Building Tika from sources is also easy, although you should check “Getting Started” on the Tika website for any changes since this was written. Download the source release (for example, apache-tika-0.6-src.tar.gz for version 0.6) and extract it. Tika uses Apache’s Maven 2 build system and requires Java 5 or higher, so you’ll need to first install those dependencies. Then run mvn install from within the Tika source directory you unpacked. That command will download a bunch of dependencies into your Maven area, compile Tika’s sources, run tests, and produce the resulting JARs. If all goes well, you’ll see BUILD SUCCESSFUL printed at the end. If you encounter OutOfMemoryError, you can increase the heap size of the JVMs that maven spawns by setting the environment variable MAVEN_OPTS (for example, type export MAVEN_OPTS="-Xmx2g" for the bash shell).
Tika has a modular design, consisting of these components:
- tika-core contains the key interfaces and core functionality.
- tika-parsers contains all the adapters to external parser libraries.
- tika-app bundles everything together in a single executable JAR.
The sources for each of these components live in subdirectories by the same name.
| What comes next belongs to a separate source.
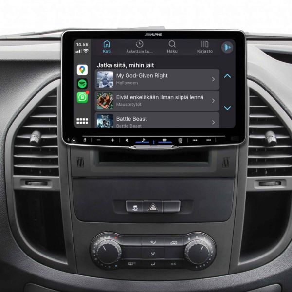 Apple CarPlay sekä Android Auto tuovat rutkasti mukavuutta matkantekoon. Pääset käyttämään puhelimessa olevia kymmeniä eri sovelluksia suoraan Alpinen kosketusnäytöltä ja jos olet tottunut käyttämään esimerkiksi Spotifyta, Suplaa tai BookBeatin palveluja puhelimestasi, näitä kaikkia hallitset jatkossa Alpinen suurelta kosketusnäytöltä.
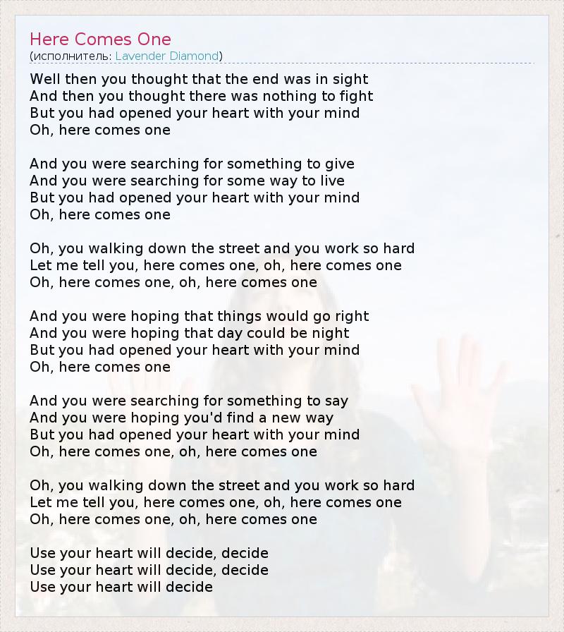 Well then you thought that the end was in sight And then you thought there was nothing to fight But you had opened your heart with your mind Oh, here comes one And you were searching for something to give And you were searching for some way to live But you had opened your heart with your mind Oh, here comes one Oh, you walking down the street and you work so hard Let me tell you, here comes one, oh, here comes one Oh, here comes one, oh, here comes one And you were hoping that things would go right And you were hoping that day could be night But you had opened your heart with your mind Oh, here comes one And you were searching for something to say And you were hoping you'd find a new way But you had opened your heart with your mind Oh, here comes one, oh, here comes one Oh, you walking down the street and you work so hard Let me tell you, here comes one, oh, here comes one Oh, here comes one, oh, here comes one Use your heart will decide, decide Use your heart will decide, decide Use your heart will decide

Once your build completes, you’ll find a target subdirectory (under each of the component directories) containing the built JAR, such as tika-app-0.6.jar.
It’s most convenient to use the tika-app-0.6.jar, because it has all dependencies, including the classes for all external parsers that Tika uses, contained within it. If for some reason that’s not possible or you’d like to pick which external JARs your application requires, you can use Maven to gather all dependency JARs into the target/dependency directory under each component directory.
Note
You can gather all required dependency JARs by running mvn dependency:copy-dependencies. This command will copy the required JARs out of your Maven area and into the target/dependency directory under each component directory. This command is useful if you intend to use Tika outside of Maven 2.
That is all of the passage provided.